Research output: Contribution to journalArticle

4 Scopus citations

Abstract

Endotoxic lipopolysaccharides (LPS) mediate lethality in mice by a complex inflammatory process involving the production of multiple mediators, including tumor necrosis factor-α (TNF-α) and nitric oxide (NO). The present study had two objectives: (i) to determine the extent to which TNF-α contributes to the induction of NO production by mouse macrophages activated with LPS in vitro; and (ii) to assess the contribution of macrophage-derived NO to the pathogenesis of endotoxin shock in mice. The studies reported here show that the synthetic adenyl carbocyclic nucleoside 9-[(1S,3R)-cis-cyclopentan-3-ol]adenine (cPA) inhibited TNF-α, but not NO, production by thioglycollate-elicited peritoneal macrophages that were activated with either LPS alone, LPS + interferon-γ (IFN-γ) or IFN-γ + TNF-α. The expression of cytoplasmic TNF-α in LPS + IFN-γ-activated cells was similarly inhibited by cPA, whereas the appearance of inducible NO synthase was unaffected by the compound.
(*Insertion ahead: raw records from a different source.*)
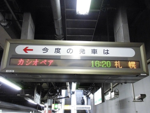 今週で定期運転終了となる寝台特急北斗星を見たくて、昨日上野駅に向かった。これまで300系新幹線をはじめ、寝台特急富士・はやぶさ、そしてあけぼののラストランを見てきた。今回はブルートレインで唯一残る北斗星のラストランを見逃すことはできない。あけぼのの時はその雄姿を一目見ようとホームは人で埋まり、まともに写真に収めることすら叶わなかった。しかし、あの雰囲気はそこにいたものでないと味わえない感動がある。だから、多くのファンがそれを脳裏に刻めるために集まる。今回はきっとあけぼの以上のファンが押し寄せることだろう。3/7(土)午前9時半に上野駅に到着。正面中央改札前のグランドコンコースから目に飛び込んできたのは北陸新幹線。(画像をクリックすると画面が拡大します。是非、拡大してお楽しみください。)北斗星が到着するまで、記念グッズを見て回った。あけぼのの時より商品数が少なく、やや寂しい感じがする。ありがとう寝台特急北斗星記念弁当も1,300円で販売されていた。駅構内のリカーショップには、ワンカップの他に1/80で製作された上野駅13番線のジオラマが目を惹いた。到着時刻が近づくと、人の数も増えてきた。おや、東京土産とあるが、ふなっしーは千葉県船橋市からもはやここまでとは・・・こんな案内も見たが、販売している商品は構内とほとんど変わりないそうだ。いよいよ定刻となり、北斗星が入ってきた。残念ながら機関車は北斗星色でなく、カシオペア色である。客車はJR北海道所属。ラストランに関するお知らせもあった。帰宅するも、北斗星色の牽く北斗星を見れなかったことに後悔が残り、明朝(本日)再挑戦を決意。3/8(日)午前9時20分に上野駅に到着。13番線の隣りの14番線にも多くの人がカメラを構えている。9時25分カシオペアが入線してきた。今日の牽引機はまたしても予想外のEF81、しかも81号機。このあと定刻より15分遅れで待ちに待った北斗星色の牽く北斗星が到着した。今日の車両もJR北海道所属。思いも叶い、回送される北斗星を見送ったあと、上野駅をあとにした。にほんブログ村
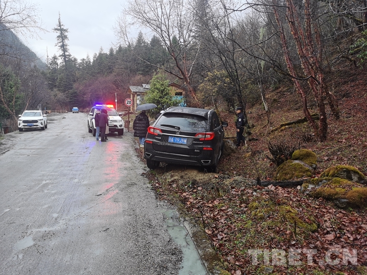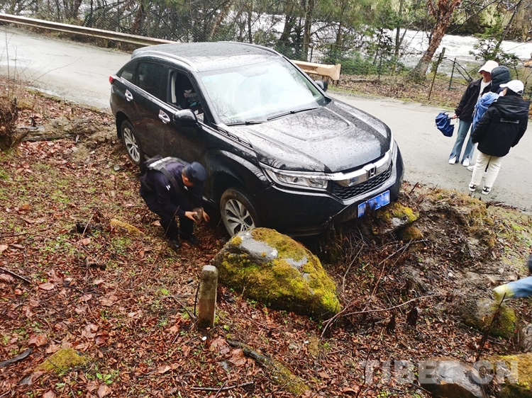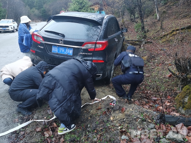 “我們是第一次遇到這種情況,不知道怎么辦,只有請求你們幫助!”當?shù)亟诮涤贻^多、道路濕滑,兩名廣東籍女游客在南伊風景區(qū)內游玩返回途中操作不慎,導致車輛發(fā)生側滑,撞在路邊石頭上,無法自行脫困。不熟悉當?shù)厍闆r的游客,在雨中焦急無助,撥打報警求助。
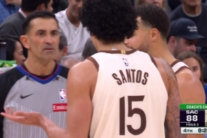 桑托斯篮板卡位时被吹犯规 勇士挑战成功&威少犯规 桑托斯被补吹T
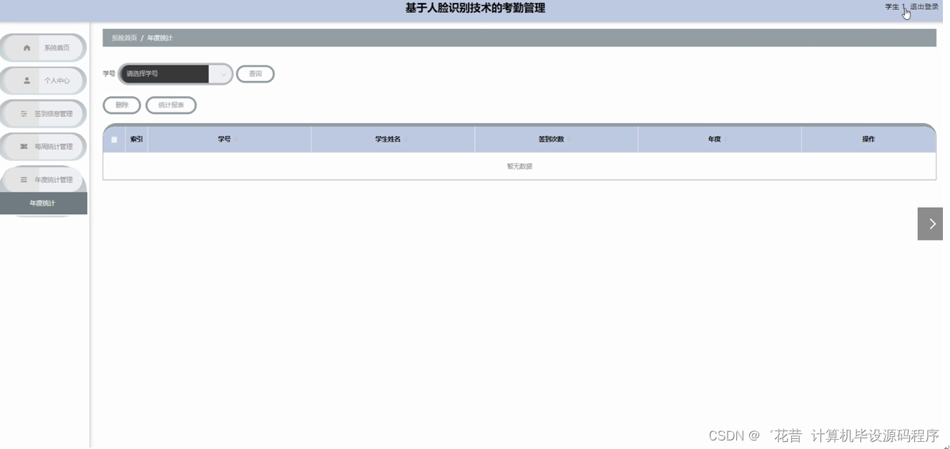 学生点击年度统计管理;在年度统计管理页面对学号、学生姓名、签到次数、年度等信息,进行查询、新增或删除年度统计等操作;如图5-12所示。
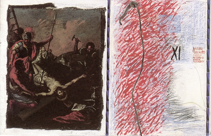 Valori formali ed uno scarno contenuto estetico-concettuale qualificano due stazioni strettamente correlate dalla definitiva ‘caduta’ del corpo dell’uomo figlio di Dio; la pittura, pur variamente presente lungo tutto il ciclo di opere, assume in questo momento una definitiva funzione di spaesamento rispetto alle dimensioni storiche ed ancora contingentemente umane nel presente del dramma della croce; una pittura che nasconde la stessa e più intima difficoltà dell’uomo e dell’artista al confronto, alla comprensione, al giudizio degli avvenimenti che non abbandonano la storia dell’uomo.
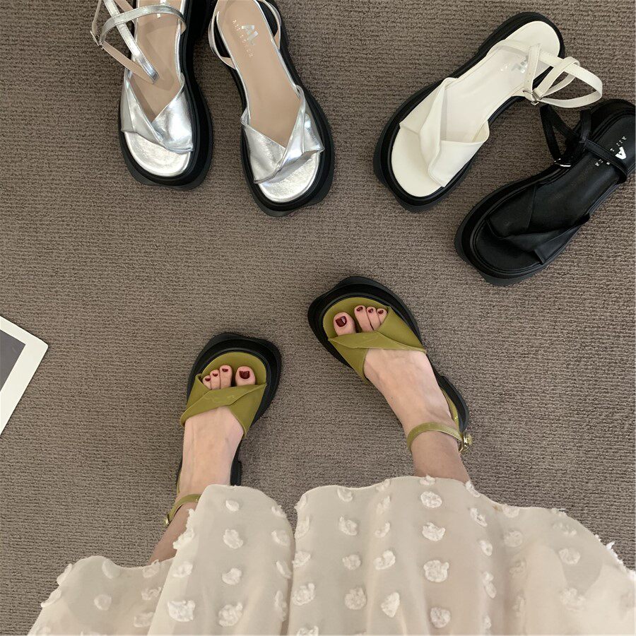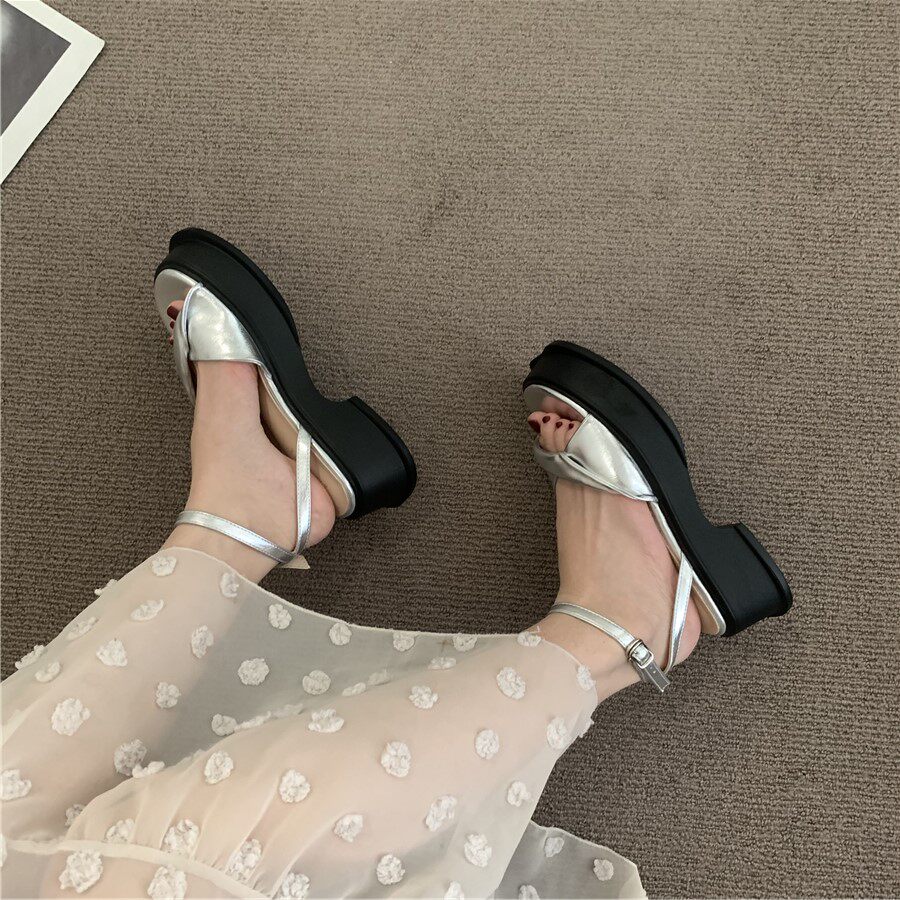 Небольшие высокие летние сандалии на платформе, летняя обувь, серебряные слайдеры в английском стиле, подходит для подростков, в британском стиле
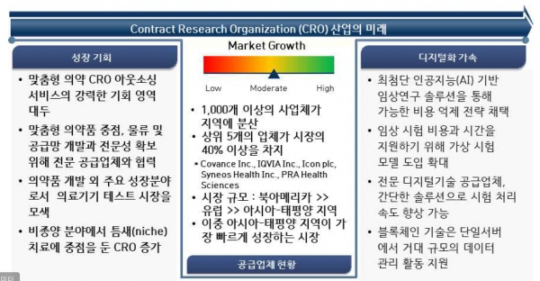 임상시험수탁기관(CRO)이 디지털 기술을 활용해 데이터 분석과 IT 지원 서비스를 강화하는 방향으로 갈 것이라는 전망이 나왔다.
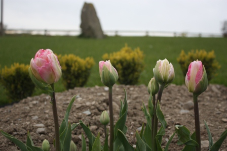 The blog has become a bit of a family project.  The kids like to know what I’m writing about and taking pictures of, especially if they are helping in the garden.  My 12 year old daughter laughed at my Rose Garden post since I hadn’t actually posted any pictures of the rose plants.  There really wasn’t any point in posting pictures of small little plants with no roses, though!  The tulips are much prettier!  So I did throw in a picture of one of the rose plants that is now coming along nicely.  More in the rose garden, my late tulips (Double late Angelique)  are blooming, too.
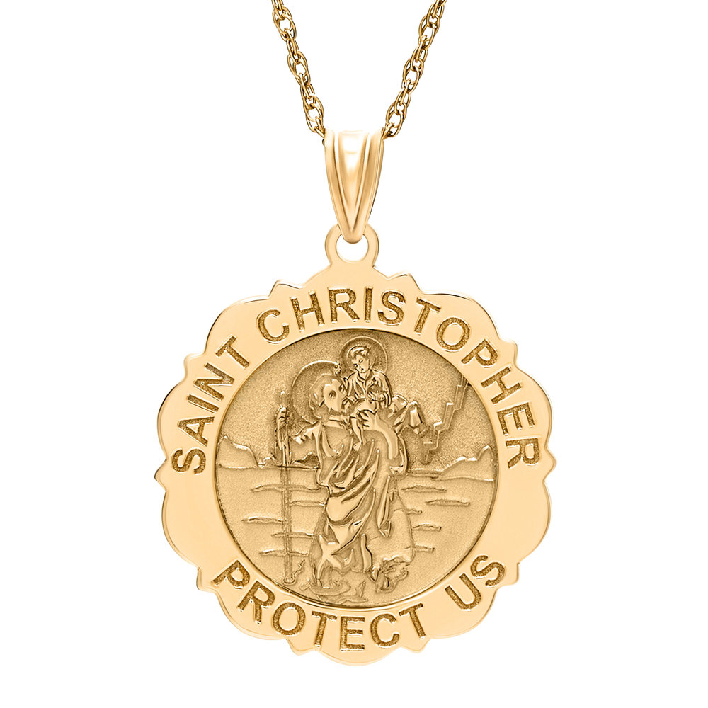 Saint Christopher Scalloped Round Religious Medal - "EXCLUSIVE"

Of significance, pretreatment of mice with a single injection of cPA protected the animals against subsequent LPS challenge in two models of endotoxin lethality. These results suggest that macrophage-derived NO, induced by LPS, may not be an essential mediator of the lethal effects of endotoxin. Further, the results of these studies suggest that TNF-α-induced NO production by tissue macrophages also may not be an essential contributing factor in the pathogenesis of lethality induced by endotoxin in mice.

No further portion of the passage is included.